EXERCISE PROMPT —
Instruction for the listing below: copy exactly, and only, the lines from the one holding "除咗二人Set🤗我地仲點咗韓" through its last line, omitting any picture.

[[ GIVEN MATERIAL open ]]

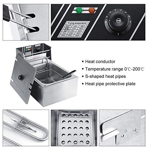 Stainless steel body deep fryer machine for home and commercial applications .Thermostat for accurate temperature setting . Lid cover for preventing the boil oil splashing . Fryer basket with plastic handle to prevent scald . Residue plate for filtering out the dregs
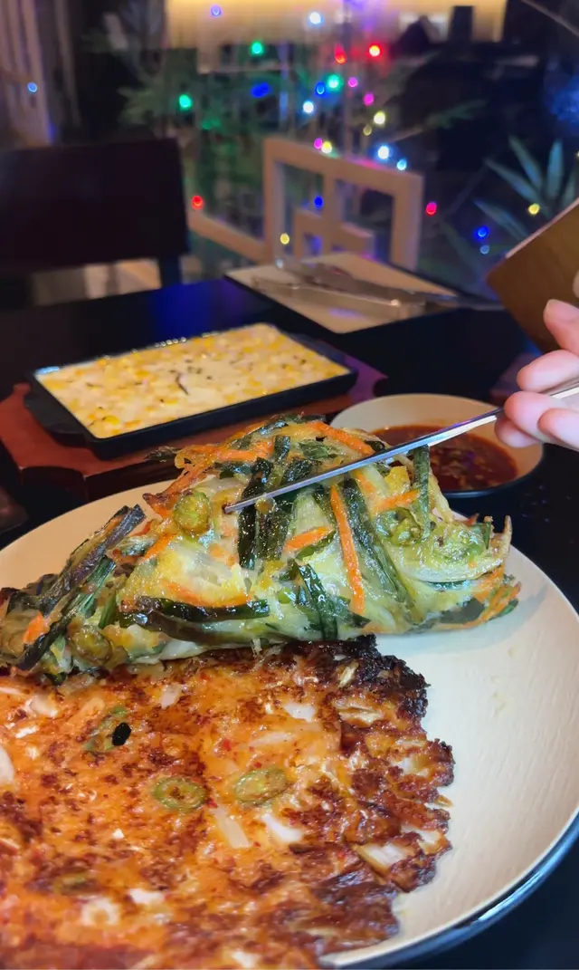 除咗二人Set🤗我地仲點咗韓式煎餅排盤,泡菜煎餅同韭菜煎餅。泡菜煎餅甘香酥脆 😋酸辣可口😜充滿泡菜獨特風味😝韭菜煎餅則香氣撲鼻🤓中間就有好多餡料😗口感清爽😏兩種煎餅都好好食🥹
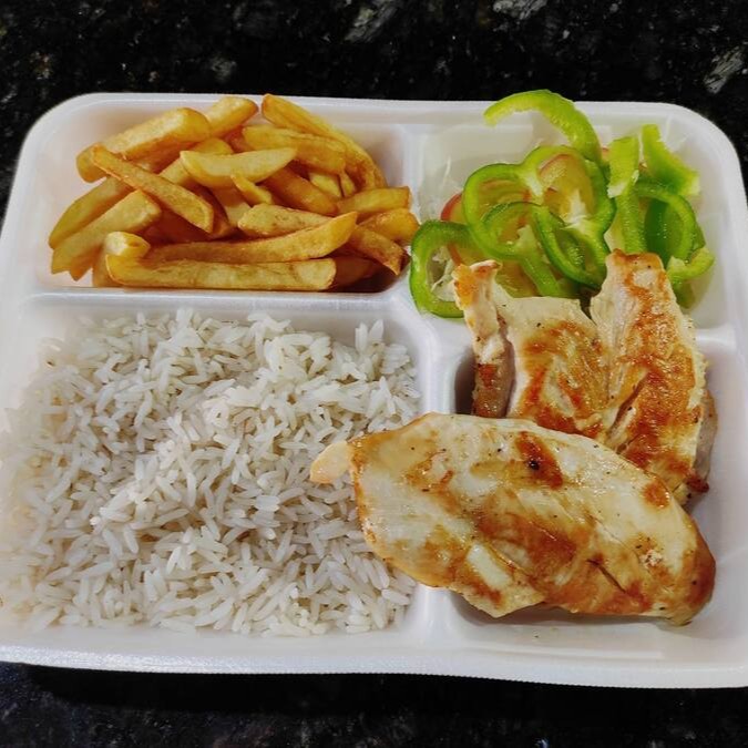 Marmita P com: Arroz, Batata frita e carne na chapa

[[ GIVEN MATERIAL closed ]]

THE COMPLETED TASK —
 除咗二人Set🤗我地仲點咗韓式煎餅排盤,泡菜煎餅同韭菜煎餅。泡菜煎餅甘香酥脆 😋酸辣可口😜充滿泡菜獨特風味😝韭菜煎餅則香氣撲鼻🤓中間就有好多餡料😗口感清爽😏兩種煎餅都好好食🥹
 Marmita P com: Arroz, Batata frita e carne na chapa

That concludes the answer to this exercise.